**GOAL OF THE EXERCISE:** A verbatim copy of every entry is required. Produce it now.

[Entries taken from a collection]
=== Section Start ===

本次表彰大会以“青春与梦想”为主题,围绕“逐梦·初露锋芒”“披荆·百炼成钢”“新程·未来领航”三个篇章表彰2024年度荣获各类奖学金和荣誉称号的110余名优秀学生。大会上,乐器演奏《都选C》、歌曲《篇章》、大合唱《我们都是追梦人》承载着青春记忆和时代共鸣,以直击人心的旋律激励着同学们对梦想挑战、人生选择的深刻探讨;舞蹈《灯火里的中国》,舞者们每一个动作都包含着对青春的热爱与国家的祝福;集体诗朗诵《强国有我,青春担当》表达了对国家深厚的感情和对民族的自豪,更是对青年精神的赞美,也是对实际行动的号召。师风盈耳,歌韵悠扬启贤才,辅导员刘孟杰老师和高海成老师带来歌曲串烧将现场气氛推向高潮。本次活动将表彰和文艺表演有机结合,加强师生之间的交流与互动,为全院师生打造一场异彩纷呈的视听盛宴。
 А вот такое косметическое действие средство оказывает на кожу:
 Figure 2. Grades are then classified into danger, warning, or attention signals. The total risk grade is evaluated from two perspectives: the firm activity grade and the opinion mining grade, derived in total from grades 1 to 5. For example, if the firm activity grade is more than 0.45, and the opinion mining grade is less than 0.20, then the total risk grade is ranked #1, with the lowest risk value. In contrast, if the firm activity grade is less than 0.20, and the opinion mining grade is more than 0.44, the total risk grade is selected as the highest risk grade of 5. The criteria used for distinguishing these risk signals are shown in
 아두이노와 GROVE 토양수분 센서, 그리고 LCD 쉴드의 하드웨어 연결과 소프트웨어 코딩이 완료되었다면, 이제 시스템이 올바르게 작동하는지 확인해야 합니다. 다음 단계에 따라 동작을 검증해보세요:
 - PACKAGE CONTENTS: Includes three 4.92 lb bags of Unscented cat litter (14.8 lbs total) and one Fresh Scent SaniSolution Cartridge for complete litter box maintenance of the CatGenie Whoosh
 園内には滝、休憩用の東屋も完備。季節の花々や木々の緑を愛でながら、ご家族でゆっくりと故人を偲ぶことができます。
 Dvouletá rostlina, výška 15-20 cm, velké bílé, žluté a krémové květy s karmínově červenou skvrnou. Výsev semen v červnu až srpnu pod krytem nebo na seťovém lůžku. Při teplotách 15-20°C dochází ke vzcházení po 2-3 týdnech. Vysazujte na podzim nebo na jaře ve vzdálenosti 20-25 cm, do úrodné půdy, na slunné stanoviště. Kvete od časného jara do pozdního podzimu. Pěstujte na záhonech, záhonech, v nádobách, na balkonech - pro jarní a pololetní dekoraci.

=== Section End ===

**RESULT:**
本次表彰大会以“青春与梦想”为主题,围绕“逐梦·初露锋芒”“披荆·百炼成钢”“新程·未来领航”三个篇章表彰2024年度荣获各类奖学金和荣誉称号的110余名优秀学生。大会上,乐器演奏《都选C》、歌曲《篇章》、大合唱《我们都是追梦人》承载着青春记忆和时代共鸣,以直击人心的旋律激励着同学们对梦想挑战、人生选择的深刻探讨;舞蹈《灯火里的中国》,舞者们每一个动作都包含着对青春的热爱与国家的祝福;集体诗朗诵《强国有我,青春担当》表达了对国家深厚的感情和对民族的自豪,更是对青年精神的赞美,也是对实际行动的号召。师风盈耳,歌韵悠扬启贤才,辅导员刘孟杰老师和高海成老师带来歌曲串烧将现场气氛推向高潮。本次活动将表彰和文艺表演有机结合,加强师生之间的交流与互动,为全院师生打造一场异彩纷呈的视听盛宴。
 А вот такое косметическое действие средство оказывает на кожу:
 Figure 2. Grades are then classified into danger, warning, or attention signals. The total risk grade is evaluated from two perspectives: the firm activity grade and the opinion mining grade, derived in total from grades 1 to 5. For example, if the firm activity grade is more than 0.45, and the opinion mining grade is less than 0.20, then the total risk grade is ranked #1, with the lowest risk value. In contrast, if the firm activity grade is less than 0.20, and the opinion mining grade is more than 0.44, the total risk grade is selected as the highest risk grade of 5. The criteria used for distinguishing these risk signals are shown in
 아두이노와 GROVE 토양수분 센서, 그리고 LCD 쉴드의 하드웨어 연결과 소프트웨어 코딩이 완료되었다면, 이제 시스템이 올바르게 작동하는지 확인해야 합니다. 다음 단계에 따라 동작을 검증해보세요:
 - PACKAGE CONTENTS: Includes three 4.92 lb bags of Unscented cat litter (14.8 lbs total) and one Fresh Scent SaniSolution Cartridge for complete litter box maintenance of the CatGenie Whoosh
 園内には滝、休憩用の東屋も完備。季節の花々や木々の緑を愛でながら、ご家族でゆっくりと故人を偲ぶことができます。
 Dvouletá rostlina, výška 15-20 cm, velké bílé, žluté a krémové květy s karmínově červenou skvrnou. Výsev semen v červnu až srpnu pod krytem nebo na seťovém lůžku. Při teplotách 15-20°C dochází ke vzcházení po 2-3 týdnech. Vysazujte na podzim nebo na jaře ve vzdálenosti 20-25 cm, do úrodné půdy, na slunné stanoviště. Kvete od časného jara do pozdního podzimu. Pěstujte na záhonech, záhonech, v nádobách, na balkonech - pro jarní a pololetní dekoraci.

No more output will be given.